University of California, San Francisco, San Francisco, CA 94158, USA.
Neuro Oncol. 2012 Mar;14(3):315-25. doi: 10.1093/neuonc/nor209. Epub 2011 Dec 12.
The phosphatidylinositol-3-kinase/Akt/mammalian target of rapamycin (PI3K/Akt/mTOR) signaling pathway is activated in more than88% of glioblastomas (GBM). New drugs targeting this pathway are currently in clinical trials. However, noninvasive assessment of treatment response remains challenging. By using magnetic resonance spectroscopy (MRS), PI3K/Akt/mTOR pathway inhibition was monitored in 3 GBM cell lines (GS-2, GBM8, and GBM6; each with a distinct pathway activating mutation) through the measurement of 2 mechanistically linked MR biomarkers: phosphocholine (PC) and hyperpolarized lactate.(31)P MRS studies showed that treatment with the PI3K inhibitor LY294002 induced significant decreases in PC to 34 %± 9% of control in GS-2 cells, 48% ± 5% in GBM8, and 45% ± 4% in GBM6. The mTOR inhibitor everolimus also induced a significant decrease in PC to 62% ± 14%, 57% ± 1%, and 58% ± 1% in GS-2, GBM8, and GBM6 cells, respectively. Using hyperpolarized (13)C MRS, we demonstrated that hyperpolarized lactate levels were significantly decreased following PI3K/Akt/mTOR pathway inhibition in all 3 cell lines to 51% ± 10%, 62% ± 3%, and 58% ± 2% of control with LY294002 and 72% ± 3%, 61% ± 2%, and 66% ± 3% of control with everolimus in GS-2, GBM8, and GBM6 cells, respectively. These effects were mediated by decreases in the activity and expression of choline kinase α and lactate dehydrogenase, which respectively control PC and lactate production downstream of HIF-1. Treatment with the DNA damaging agent temozolomide did not have an effect on either biomarker in any cell line. This study highlights the potential of PC and hyperpolarized lactate as noninvasive MR biomarkers of response to targeted inhibitors in GBM.

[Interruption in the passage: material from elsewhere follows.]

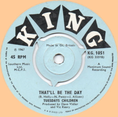 70年代にマルチなミュージシャンとしてブレイクするPHIL CORDELLが在籍していたサイケロック系グループTUESDAY'S CHILDREN。66年にCOLUMBIAからデビューし2枚のシングルをリリース、翌年には都落ち(?)でマイナーレーベルKINGに移籍、本盤をリリースすることになる。A面「A Strange Light From East」はCORDELLが作曲、オリエンタルなサイケロック、ここではそのB面「That'll Be The Day」を紹介。こちらは米国の人気R&R歌手BUDDY HOLLYの作品のカヴァー、ワイルドなギターやホーンを導入した、60年代後半らしいアレンジでの録音。英国では死後も多くの音源が長い間リリースされてHOLLYは人気を誇っていたが、本盤の選曲もそうしたことも反映されているのだろうか?録音場所のMAXIMUM SOUNDはスカやロックステディ等ジャマイカ音楽を多く録音していたスタジオで、本盤のプロデューサーの1人、VIC KEARYはレゲエ系リスナーにはお馴染みの人。

磷脂酰肌醇-3-激酶/蛋白激酶 B/哺乳动物雷帕霉素靶蛋白(PI3K/Akt/mTOR)信号通路在超过 88%的胶质母细胞瘤(GBM)中被激活。目前,有针对该通路的新药正在临床试验中。然而,治疗反应的无创评估仍然具有挑战性。通过磁共振波谱(MRS),通过测量 2 种具有机制联系的 MR 生物标志物:磷酸胆碱(PC)和极化乳酸,可以监测 3 种 GBM 细胞系(GS-2、GBM8 和 GBM6;每个细胞系都有独特的通路激活突变)中的 PI3K/Akt/mTOR 通路抑制作用。(31)P MRS 研究表明,PI3K 抑制剂 LY294002 治疗可使 GS-2 细胞中的 PC 显著降低至对照的 34%±9%,GBM8 中为 48%±5%,GBM6 中为 45%±4%。mTOR 抑制剂依维莫司也可使 GS-2、GBM8 和 GBM6 细胞中的 PC 分别显著降低至 62%±14%、57%±1%和 58%±1%。使用极化(13)C MRS,我们证明在所有 3 种细胞系中,PI3K/Akt/mTOR 通路抑制后,极化乳酸水平均显著降低,分别为 LY294002 治疗的对照的 51%±10%、62%±3%和 58%±2%,以及依维莫司治疗的对照的 72%±3%、61%±2%和 66%±3%。这些作用是通过降低胆碱激酶 α 和乳酸脱氢酶的活性和表达介导的,它们分别控制 HIF-1 下游的 PC 和乳酸的产生。DNA 损伤剂替莫唑胺治疗对任何细胞系中的任何一种生物标志物均无影响。本研究强调了 PC 和极化乳酸作为胶质母细胞瘤靶向抑制剂治疗反应的无创性 MR 生物标志物的潜力。